Public Image Ltd. - Second Edition (1979)


...or Metal Box or whatever you want to call it. I have a great many all-time favourite albums, and of their number this is the one I have probably heard the least. I'm pretty sure that at some point an entire decade has passed without my having listened to this record, quite possibly two decades.

Public Image Ltd. were the first proper group that I liked when, at the age of about twelve, I graduated from playing my trusty quartet of Beatles albums into flexidiscs to listening to the top forty countdown on the wireless and noting that I quite liked some of this new punk rock stuff, or whatever it was, and I found Public Image particularly hypnotic. It wasn't that I hadn't liked anything before that point, but it had mostly been Abba and that sort of thing - tastes which neither translated into vinyl nor endured beyond puberty to any great extent. Public Image expressed something I didn't even know required expression, a sort of alienation or sense of distance dividing myself from almost everyone else; and the weird thing - at least with hindsight - is that I discovered Public Image Ltd. before I'd even heard of the Sex Pistols and spent a couple of months doubting that there was really any connection.

Having discovered music, it still took me a while to see the benefit of spending my pocket money on something other than Doctor Who books or Micronauts, and it didn't quite dawn on me that there might be a Public Image Ltd. album until Dean Howe tried to sell me his copy of Metal Box. I think he'd found it disappointing. Conversely I thought it was great, but those three discs didn't seem to like my record player, and the needle jumped all over the shop. Looking closely at the vinyl, the grooves resembled little zig-zag lines presumably due to the deep bass frequencies. Dean sold it to someone else, and I eventually bought the reissue when it came out as a more conventional double album. Annoyingly I've found this version similarly difficult to play even now that I have a relatively fancy record player, and so the thing has just sat in my collection ignored more or less since I bought it.

I suppose the benefit of all this, if there is one, is how fresh it still sounds now that I've chanced upon a copy on compact disc. By means I don't even understand, I know the thing like the proverbial back of my hand - every last little scrape and clang - and yet listening to it in 2016 is much like hearing it for the first time.

The Public Image Ltd. debut album, which I heard after I'd bought this one, seemed a transitional affair - a great big noisy discordant fuck you with all of the Chuck Berry sucked out of the mix just in case anyone had been anticipating Sex Pistols part two. Rotten seemed on the defensive, very much resenting the mechanics of his own fame, and yet unwilling to quite disappear off the deep end like some spoilt rock star recording an album of his own farts, so for all the walls of noise, First Issue pulls back from rewriting Metal Machine Music and heads off in roughly the same direction as Siouxsie and the Banshees.

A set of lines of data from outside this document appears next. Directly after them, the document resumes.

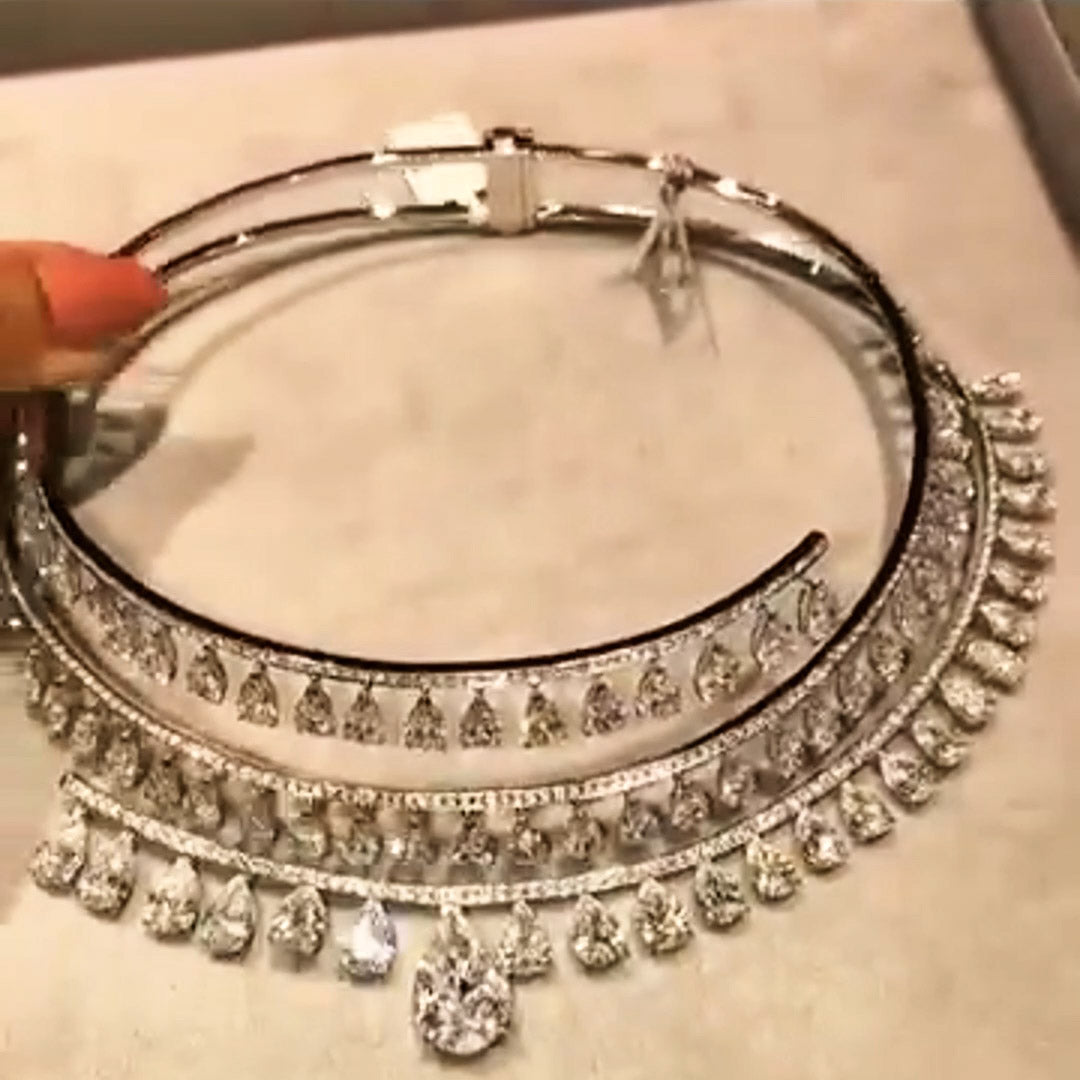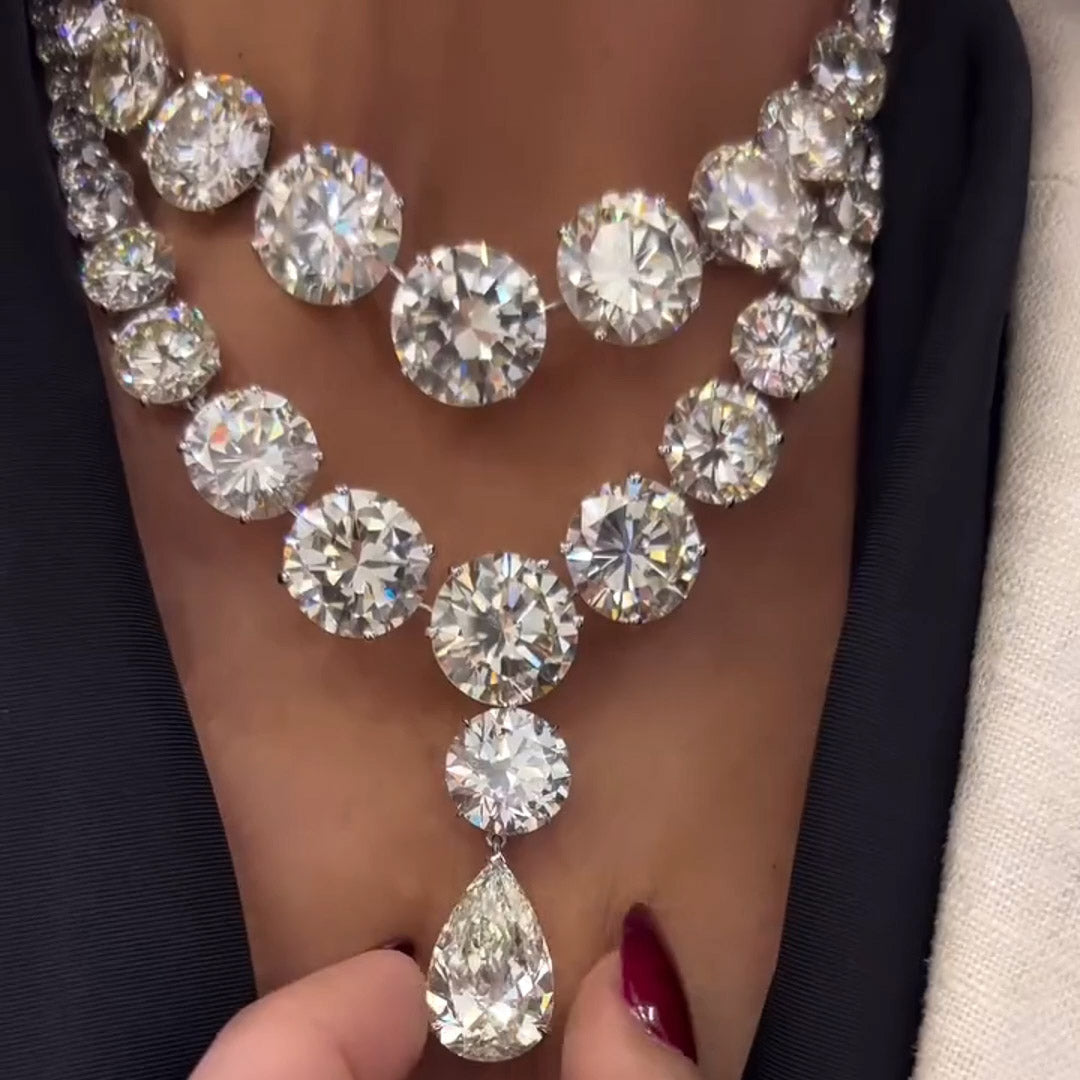 65ctw Pear and Round Cut Large Gemstone Luxurious Luxury Necklace-JEWELBUYS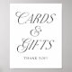 Moderne Hochzeitskarten und Geschenkschild mit "Karten & Geschenke" in elegantem schwarzen Typografie-Stil: eine Kombination aus Kalligrafie und Serifenschrift. Personalisieren Sie die schwarz-weiße Hochzeitskarten und Geschenkzeichen mit einer kurzen Danksagung oder Sondertext. Das einfache Hochzeitskarten- und Geschenkschild ist perfekt für Ihre Hochzeit, Paardusche, Verlobungsfeier, Babydusche, Geburtstagsparty oder besondere Veranstaltung.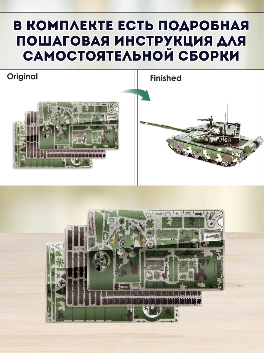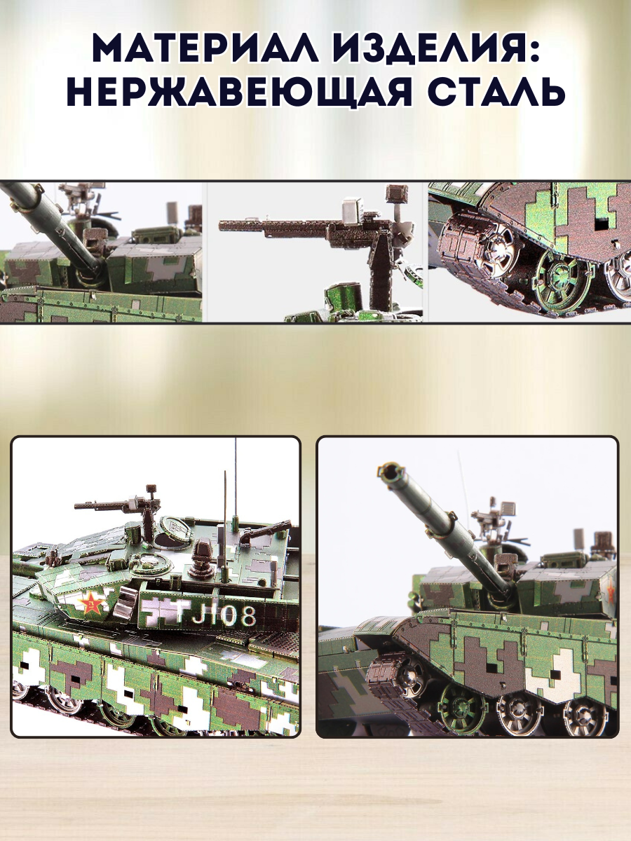 Конструктор 3D пазл металлический танк "99A Main Battle Tank" Luxury Gift. Китайский основной боевой танк третьего поколения. В основном он используется для подавления и ликвидации противотанковых средств, разрушения боевых объектов и прочных укреплений. В июле 2017 года двадцать два танка 99А, выстроенные в форме “стрелы”, появились на параде в честь 90-летия Народно-освободительной армии Китая, символизируя марш “Короля сухопутных сражений”. Пазл способствует развитию мелкой моторики, мышления, тренирует память и воображение. 3д пазлы требуют внимания и усидчивости при соединении частей.

Metal Box was where everything really came together. Rotten no longer sounds like he's even thought about anything relating to the Pistols for at least a year, and more than anything they're making the record they want to hear. You probably already know what it does - lengthy jams which sound very much as though they were improvised live, repetition and a certain minimalism allowing one to fully appreciate the acoustics, and easily as hypnotic as that first single. Coming back to this, I've also been surprised at how much electronic sound is woven through the structure of the record - often barely within earshot - and also how much is entirely instrumental. It's a frosty affair succinctly encapsulating how Britain felt in 1978 without recourse to slogans - damp and conducive to death - born as a vague fusion of dub reggae and all the German stuff of which Rotten was a fan, but not quite sounding like either. Aside from my preferring Another, the b-side of Memories, to its instrumental which appears on here as Graveyard, this really is a perfect record, and it will remain a perfect record regardless of how many Country Life butter adverts he appears in.